Precise analyses of short-time relaxation at asymmetric polystyrene interface in terms of molecular weight by time-resolved neutron reflectivity measurements

The short-time mutual diffusion at an interface of linear polystyrene/linear deuterated polystyrene with different molecular weights was examined by time-resolved neutron reflectivity (TR-NR) measurements. The model scattering length density (b/V) profiles obtained by solving a partial differential equation for the diffusion process, using the segmental diffusion coefficients as the only fitting parameter were used to analyze the TR-NR data. In short-time diffusion, the asymmetric (b/V) profiles derived from a segmental relaxation model were able to model the data much better than those obtained by center-of-mass diffusion based on reptation model and by a simple error function.
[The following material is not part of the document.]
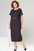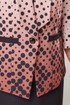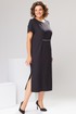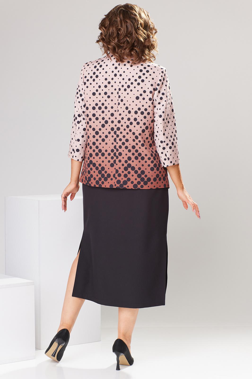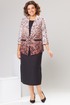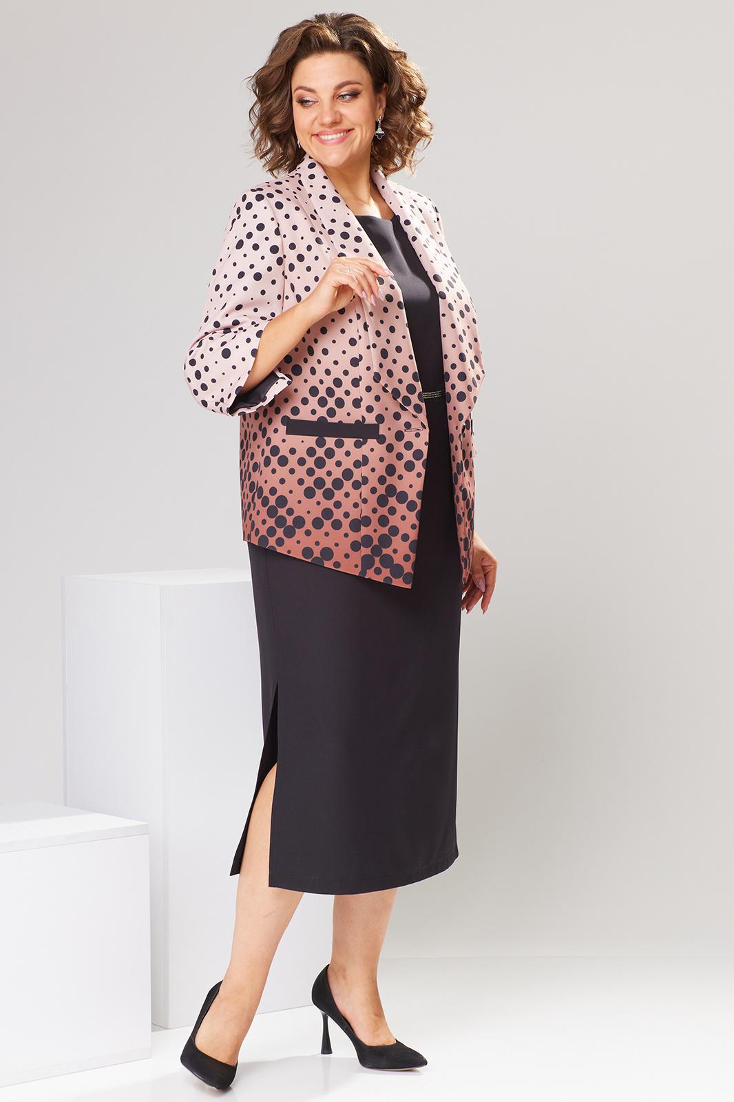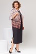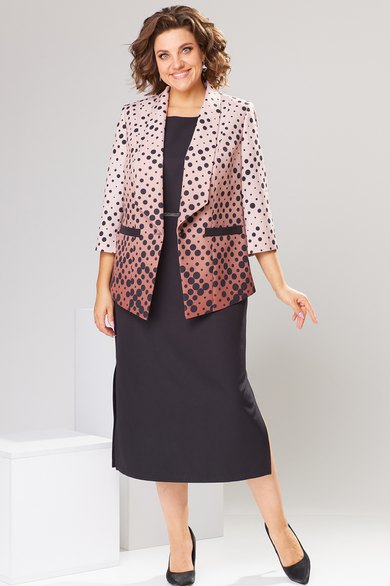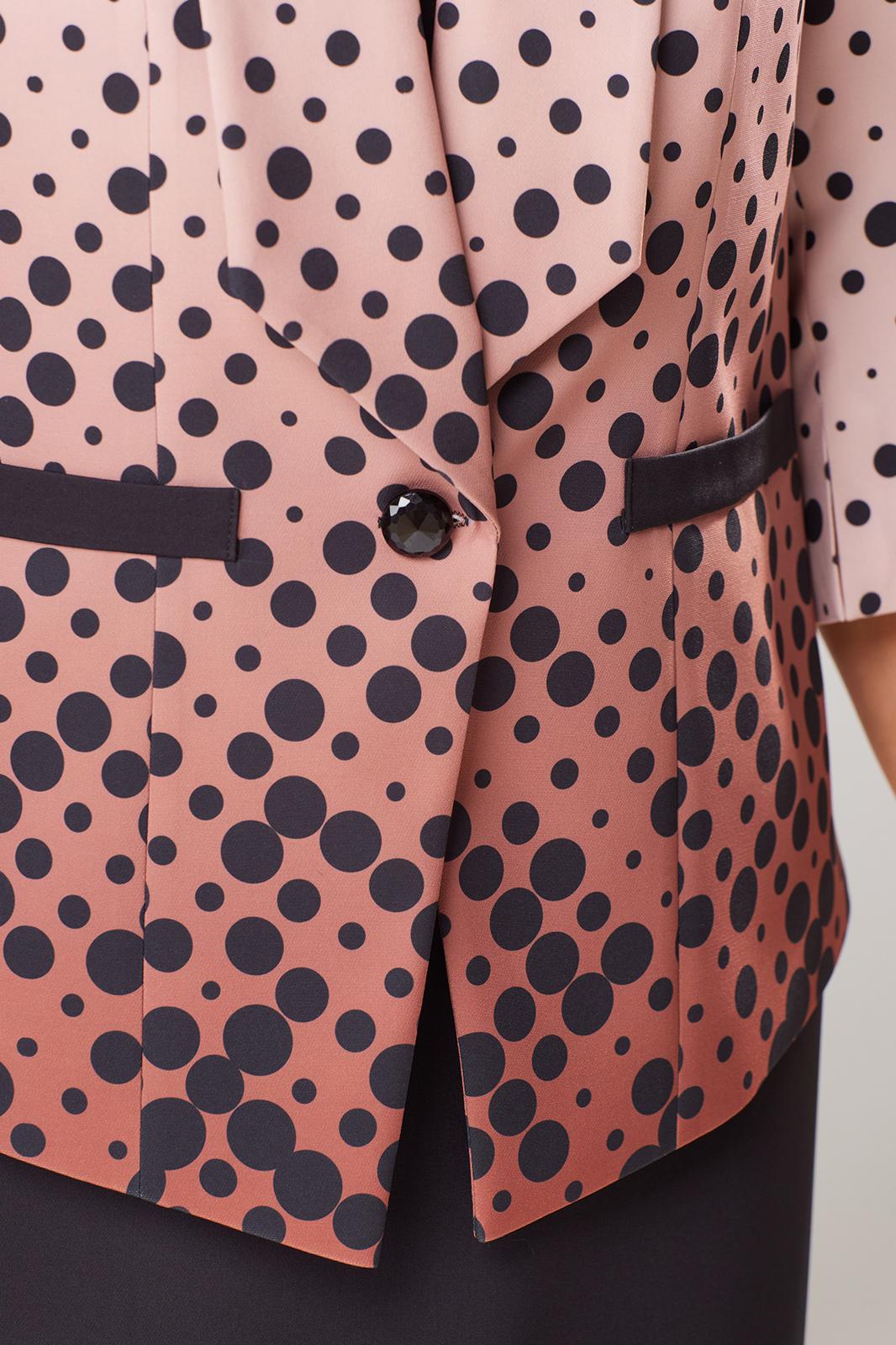 Комплект женский относится к торжественной нарядной одежде. Комплект женский 2-х предметный жакет и платье. Жакет полуприлегающего силуэта с фигурным низом, длиной до линии бёдер. Перед с 2-мя отрезными рельефами и 2-мя настрочными листочками на уровне линии талии. Спинка со средним швом. Горловина с V-образным вырезом с цельнокроеным воротником. Застёжка центральная бортовая на 1-ну петлю и 1-ну пришивную пуговицу. Рукав втачной, 2-х шовный, длиной 3/4, с разрезом внизу локтевого шва. Жакет на приточной подкладке. Жакет с плечевыми накладками. Платье женское полуприлегающего силуэта, длиной до середины икры. Платье отрезное по линии талии. Верхняя часть переда с 2-мя отрезными бочками; нижняя часть переда с 2-мя таллиевыми выточками. Шов соединения частей переда по линии талии декорирован термотесьмой. Спинка верхняя часть с 2-мя таллиевыми вытачками; нижняя часть спинки с 2-мя таллиевыми вытачками. Боковые швы с разрезами. Горловина круглая обточная без воротника. Застёжка на потайную тесьму-молнию в левом боковом шве платья. Рукав втачной, короткий одношовный. Платье без плечевых накладок. Длина спинки жакета 64 см, длина рукава 45 см. Длина спинки платья 120 см, длина рукава 21 см

These analyses clearly indicate that even if the molecular weights of both components are larger than the critical molecular weight for entanglement, the initial interfacial broadening of bilayer films with different molecular weight proceeds with asymmetric mobility being proportional to N^-1. Time dependence of the interfacial positions, u(t), was extracted from the (b/V) profiles. The exponent of α in u(t) ∼ t^α reflects the asymmetric mobility of the components. This analysis also gave the time dependence of mutual diffusion coefficients, D. The D value gradually decreases with increasing time and reaches a constant value.